Yikes, Iā€™m sorry. What were your application developers doing to persist this messy data?

It was an upgrade from a legacy system to its successor. I never used the legacy system so I don't know what checks they did. I suspect little to none; I guess they pretty much exposed the raw 'tables' to the user to insert whatever they wanted.

I wrote 'tables' because it wasn't a relational DB although the successor system was.

The amount of data was pretty minimal too, not much more than a dozen GB, but it ate up at least 4 man-years to convert. I still cringe thinking about it. Some parts were an interesting challenge but mostly just soul destroying grind.

well in the case of a system migration for consumer data; in many cases the developers may have moved on or even retired.
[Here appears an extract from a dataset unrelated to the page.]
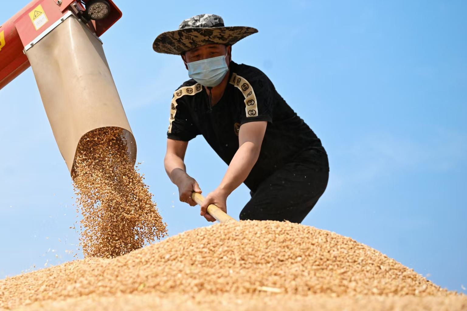 5月19日,中江县永太镇农民对收割的小麦进行装车。新华社发(梁潼 摄)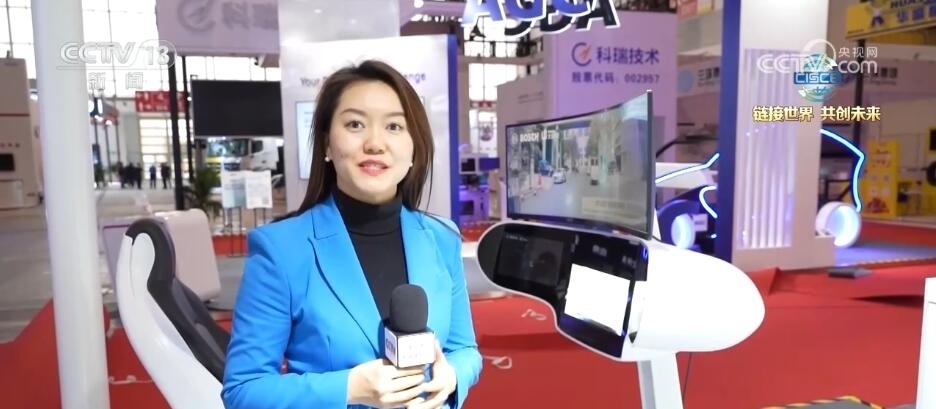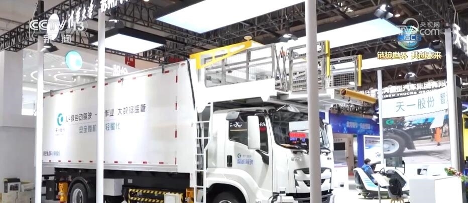 總臺央視記者 張歆:在本屆鏈博會上,我們也看到了許多智能專用車。大家可以看到在我身旁就是一臺智能航空食品專用車,這臺重量達到21噸左右的“大塊頭”裝了許多個雷達,通過5G的算法就能夠?qū)崿F(xiàn)無人駕駛和無人作業(yè)。

In some cases operational data can have lived through pre RDBMS systems, migrations to RDBMS, migrations to different system software from different vendors, adhoc imports of data from other systems, bulk zero day currency conversions (to the Euro), different approaches for configuration of obscure product codes, bugs, systems that didn't understand leap years, developers and systems who didn't understand normalisation or timezones or decimal data types or rounding errors or character sets, crashes, 'manual' rollbacks and hacks to reset large batch jobs.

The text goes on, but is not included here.